Customer Review Sentiment Analysis
A Kaggle-style research project from COS 424 at Princeton
Abstract
One of the best ways for a company to receive feedback on its product is through customer reviews like those on third party sites like IMDB or Amazon. A shoe company like Nike or a film studio like Marvel Studios might seek feedback on their most recent product before beginning development on the next generation of products to cater to the desires of the customers. Companies may want to gather several data points about their product from the reviews, but in general, the major source of data they seek from a review is whether the customer felt positively or negatively about their experience with the product. In this paper, we address the problem of automating the process of determining the sentiment of each customer in their review. We initially analyze 3000 customer reviews from Yelp, IMDB, Netflix, and Amazon and classify them as either positive or negative. We train the classifiers on bag-of-words representations of each review, with and without feature selection. We find that most of the methods tested, especially the Support Vector Machine, prove effective in classifying the data based on estimates of misclassification rate and the area under the Receiver Operating Characteristic (ROC) curve while the K-Nearest Neighbors classifier fell short. However, we also observe the power of a pre-trained recursive neural network, which proves to be even more effective than any of our classifiers.
Reproducibility
If you follow the link at the top of this page to my public repository for this project, you will be able to follow the following steps in order to reproduce all of the results contained within the paper. See the corresponding README for additional steps.
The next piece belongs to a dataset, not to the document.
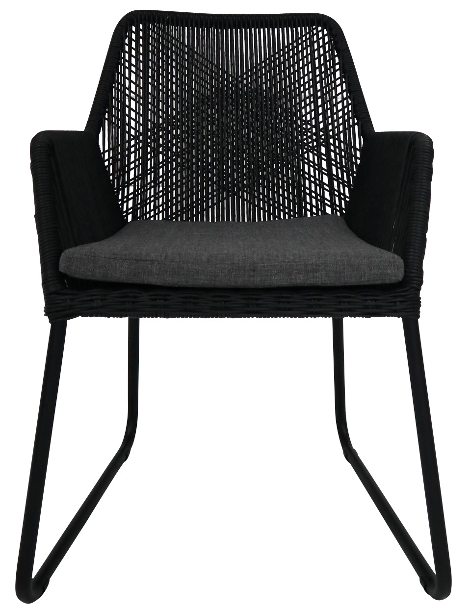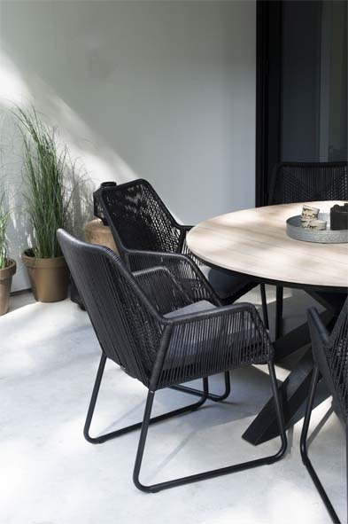 Ben je opzoek naar een stijlvolle tuinstoel met een scandinavische touch? Dan is de dining tuinstoel Mona echt iets voor jou. Het is een echte eyecatcher voor in je tuin. De tuinstoel is bespannen met kunststof rope wat zeer flexibel, sterk en weerbestendig is. Door de flexibiliteit van het rope zal het de rug goed ondersteunen en neemt het de natuurlijke vorm van de rug aan. Het frame bestaat uit gepoedercoated aluminium in de kleur zwart.

- Setup your python environment using requirements.txt in the root directory. I am using Python 3.7.4 in a virtual environment.
- Run
python preprocessSentences.py
to create the output embeddings for the train data set. - Run
python featureSelection.py
to perform feature selection on the embeddings using a LinearSVC.- This program performs 5-fold cross-validation to tune the hyperparameters.
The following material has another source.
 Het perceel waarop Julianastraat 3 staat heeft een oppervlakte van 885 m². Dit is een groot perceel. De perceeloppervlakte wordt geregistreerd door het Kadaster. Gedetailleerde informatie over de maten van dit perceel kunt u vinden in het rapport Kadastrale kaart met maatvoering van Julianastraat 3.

- Once tuned, it outputs the “_transform” embeddings.
- Generate the embeddings for the test dataset:
- Run
python preprocessSentences.py -v out_vocab_5.txt
to create the output embeddings for the regular test data set. - Run
python preprocessSentences.py -v out_vocab_transform.txt
to create the output embeddings for the transformed test data set.
- Run
- Run the classifier for any combination of regular/transformed input and any of the supported classifiers
- Use the command
python classification.py [True/False] [svm/nb/knn/lr/rf]
. - The random forest classifier use a set seed for reproducibility.
- Use the command
- To sort the words in the vocabulary by importance in the random forest model by Gini Criterion, you can run
python preprocessSentences.py [True/False]
to use either the original or transformed dictionary. - You can then compare these results to the StanfordCoreNLP results
- Download the standalone server here
- Launch the server with this command
java -mx5g -cp "*" edu.stanford.nlp.pipeline.StanfordCoreNLPServer -timeout 10000
- Use the server to score the test dataset with
python testStandfordNLP.py
- Close the server.